» Aim of the exercise
What is needed is the full listing written out exactly, minus the pictures.

» Records
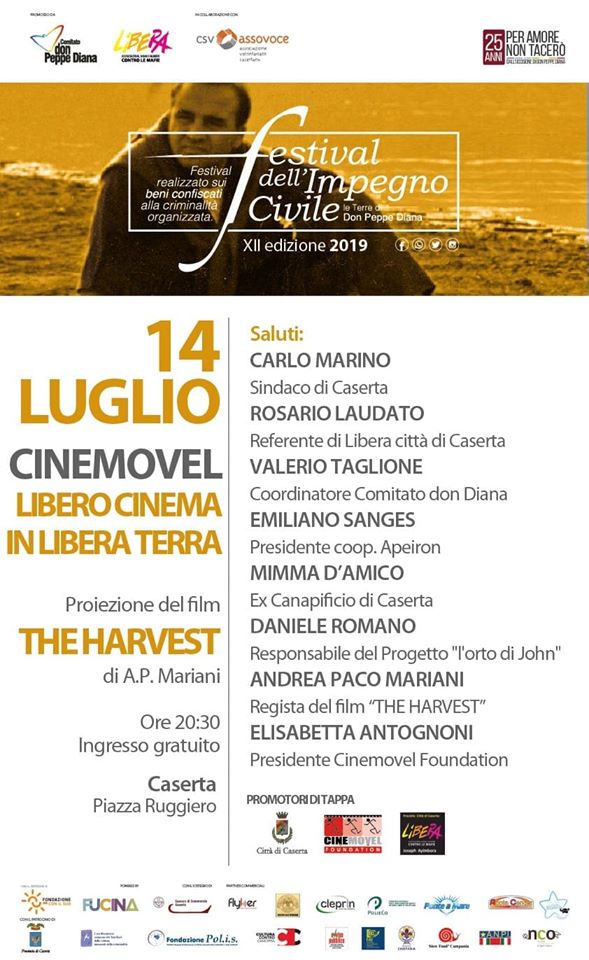 Il Festival dell'Impegno Civile, realizzato sui beni confiscati alla criminalità organizzata, questa sera farà tappa a Caserta a Piazza Ruggiero con la proiezione gratuita alle 20:30 del film "The Harvest", diretto da A.P. Mariani. L'evento è organizzato dalla fondazione Cinemovel, ora alla quattordicesima edizione di "Libero Cinema in Libera Terra", il festival di cinema itinerante contro le mafie.
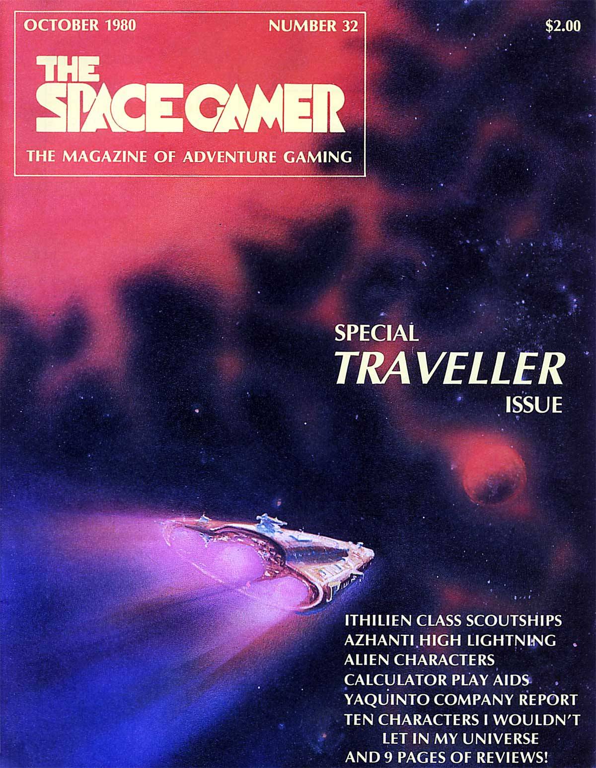 Sometimes keeping it simple makes for the most eye-catching image, as in Chris White's October 1980 cover for The Space Gamer #32. You might recognize the artist from his Dune board game cover, another winner.
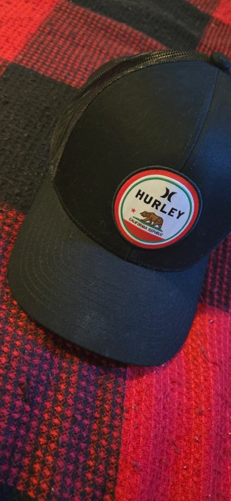 Selling a black Hurley trucker hat featuring the California Republic logo. It's in great shape and ready for a new home! The hat is made of 60% cotton and 40% polyester.
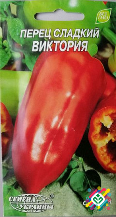 Мінімальна кількість для замовлення: 10 штук Сорт: сорт солодкий Терміни дозрівання: середньостиглий Колір плоду: червоний Форма плоду: конусоподібна Маса плоду: понад 200 г Товщина стінок: 8–9 мм Середньостиглий сорт для вирощування відкритому грунті та плівкових теплицях. Плоди мають вишнево-чер...
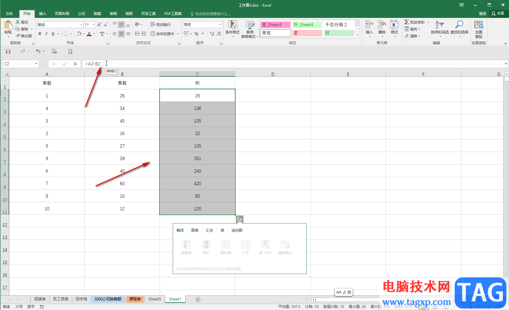 第一步:双击打开Excel表格,可以看到C2单元格的计算结果是A2*B2的结果(只需要在英文输入法下输入=然后点击一下A2单元格,输入乘号*然后在点击一下B2单元格,按enter键就可以得到结果了;
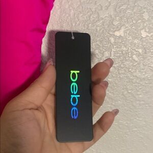 Vibrant fuchsia swimsuit with sparkling Bebe logo. Sleek and stylish design.
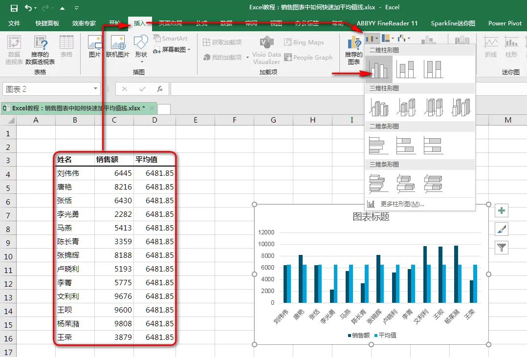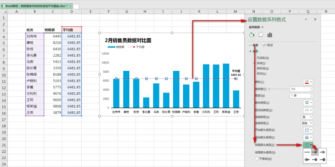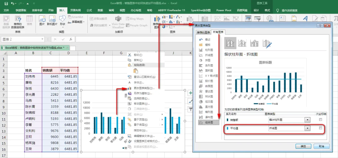 Excel教程:销售图表中如何快速加平均值线
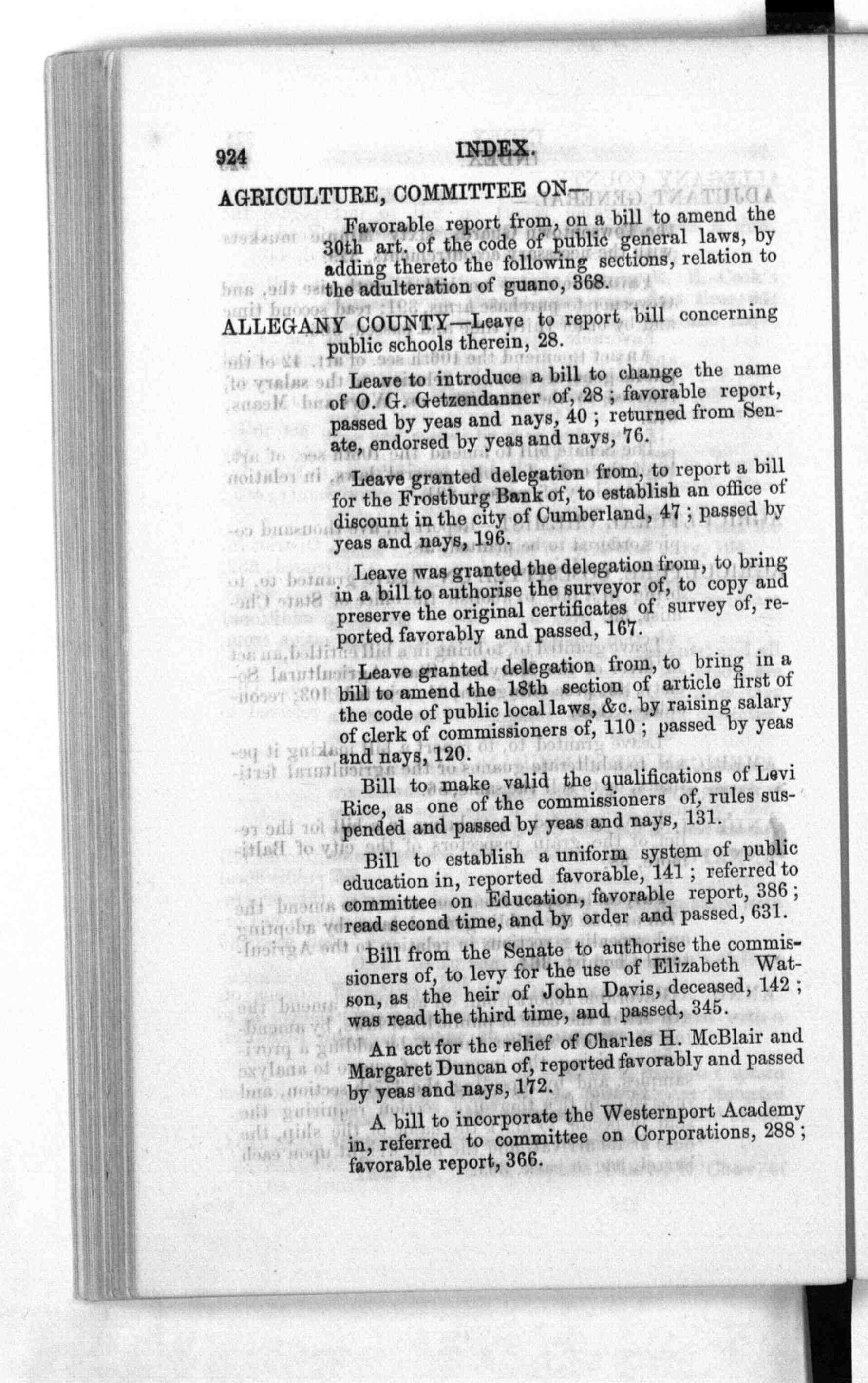 924 INDEX. AGRICULTURE, COMMITTEE ON— Favorable report from, on a bill to amend the 30th art. of the code of public general laws, by the adulteration of guano, 368. ALLEGANY COUNTY—Leave to report bill concerning Leave to introduce a bill to change the name of O. G. Getzendanner of, 28; favorable report, Leave granted delegation from, to report a bill for the Frostburg Bank of, to establish an office of Leave was granted the delegation from, to bring Leave granted delegation from, to bring in a Bill to make valid the qualifications of Levi Bill to establish a uniform system of public Bill from the Senate to authorise the commis- An act for the relief of Charles H. McBlair and A bill to incorporate the Westernport Academy |

» Answer section
 Il Festival dell'Impegno Civile, realizzato sui beni confiscati alla criminalità organizzata, questa sera farà tappa a Caserta a Piazza Ruggiero con la proiezione gratuita alle 20:30 del film "The Harvest", diretto da A.P. Mariani. L'evento è organizzato dalla fondazione Cinemovel, ora alla quattordicesima edizione di "Libero Cinema in Libera Terra", il festival di cinema itinerante contro le mafie.
 Sometimes keeping it simple makes for the most eye-catching image, as in Chris White's October 1980 cover for The Space Gamer #32. You might recognize the artist from his Dune board game cover, another winner.
 Selling a black Hurley trucker hat featuring the California Republic logo. It's in great shape and ready for a new home! The hat is made of 60% cotton and 40% polyester.
 Мінімальна кількість для замовлення: 10 штук Сорт: сорт солодкий Терміни дозрівання: середньостиглий Колір плоду: червоний Форма плоду: конусоподібна Маса плоду: понад 200 г Товщина стінок: 8–9 мм Середньостиглий сорт для вирощування відкритому грунті та плівкових теплицях. Плоди мають вишнево-чер...
 第一步:双击打开Excel表格,可以看到C2单元格的计算结果是A2*B2的结果(只需要在英文输入法下输入=然后点击一下A2单元格,输入乘号*然后在点击一下B2单元格,按enter键就可以得到结果了;
 Vibrant fuchsia swimsuit with sparkling Bebe logo. Sleek and stylish design.
 Excel教程:销售图表中如何快速加平均值线
 924 INDEX. AGRICULTURE, COMMITTEE ON— Favorable report from, on a bill to amend the 30th art. of the code of public general laws, by the adulteration of guano, 368. ALLEGANY COUNTY—Leave to report bill concerning Leave to introduce a bill to change the name of O. G. Getzendanner of, 28; favorable report, Leave granted delegation from, to report a bill for the Frostburg Bank of, to establish an office of Leave was granted the delegation from, to bring Leave granted delegation from, to bring in a Bill to make valid the qualifications of Levi Bill to establish a uniform system of public Bill from the Senate to authorise the commis- An act for the relief of Charles H. McBlair and A bill to incorporate the Westernport Academy |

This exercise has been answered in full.